Conner joined Squires when Squires left MiniScribe, a small manufacturer of 3.5-inch hard drives on the verge of bankruptcy. Squires had completed a prototype 3.5-inch hard drive on his own and had decided to start a company to produce and market the drive. Using software that positioned the recording head on the disk rather than using hardware to perform that function, as other drives did, Squires's product resulted in a faster, more reliable hard disk that could withstand greater shocks without malfunctioning. Aware of Conner's reputation in the computer industry, Squires proposed using Conner's name on his drive and Conner's money to start up the company. Conner was impressed with the drive, and agreed to the plan provided that he be allowed control of the company's strategy and growth rate. When Squires agreed, Conner set about building a company--Conner Peripherals--around a 'sell, design, build' strategy.
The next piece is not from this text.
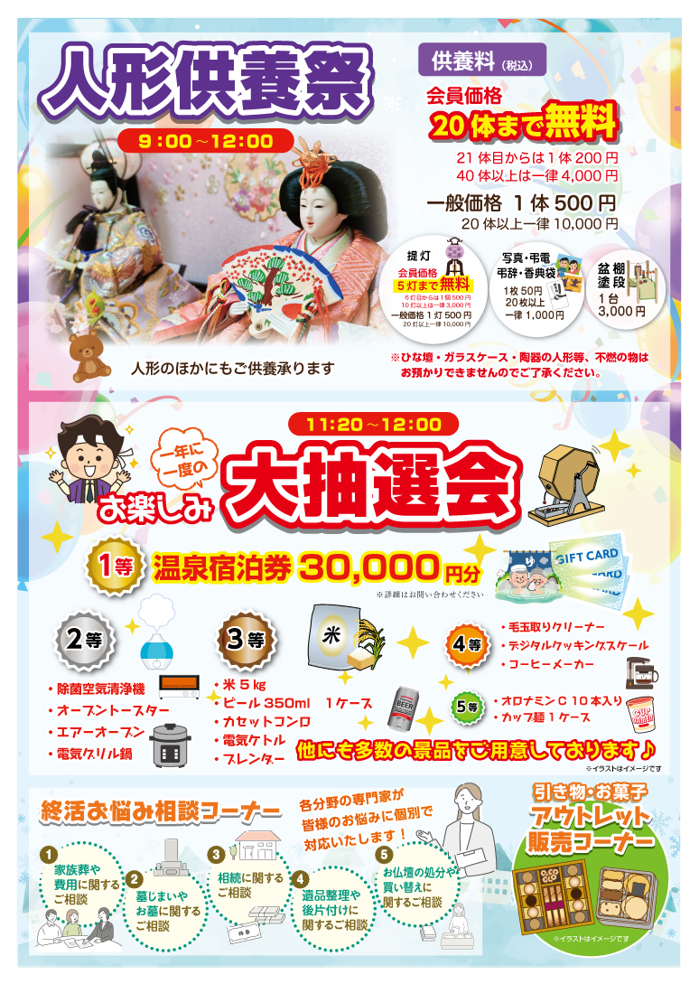 【人形供養】(9:00~12:00) 人形のご供養にお困りではありませんか? ・会員価格 20体まで無料 (21体以上1体200円) (40体以上は一律4,000円) ・一般価格 1体500円 (20体以上一律10,000円) 冠婚葬祭互助会「ハートライン」、「あんしん倶楽部」会員の皆様は会員価格でご提供いたします。 ※人形の入っていたガラスケース・ひな壇・陶器の人形等はお受けできませんのでご了承ください。 当日の入会でも会員価格で対応いたします。

The market for hard disks had become extremely competitive, with about 70 companies chasing $1.2 billion of business and many manufacturers going out of business. Seagate had become a commodity producer, producing large quantities of standardized disk drives at low margins. Other hard disk drive manufacturers, such as Quantum and Maxtor, survived by producing small, fast, state-of-the-art drives and selling them at premium prices. Commodity producers risked having changes in technology render their products obsolete, and the high-margin producers risked spending too much on research and development and then having their products rejected by computer makers. Conner decided that the ideal strategy would be to sell computer companies on a disk drive before it was made, negotiating specifications like the drive's size and power consumption, then designing and building the drives.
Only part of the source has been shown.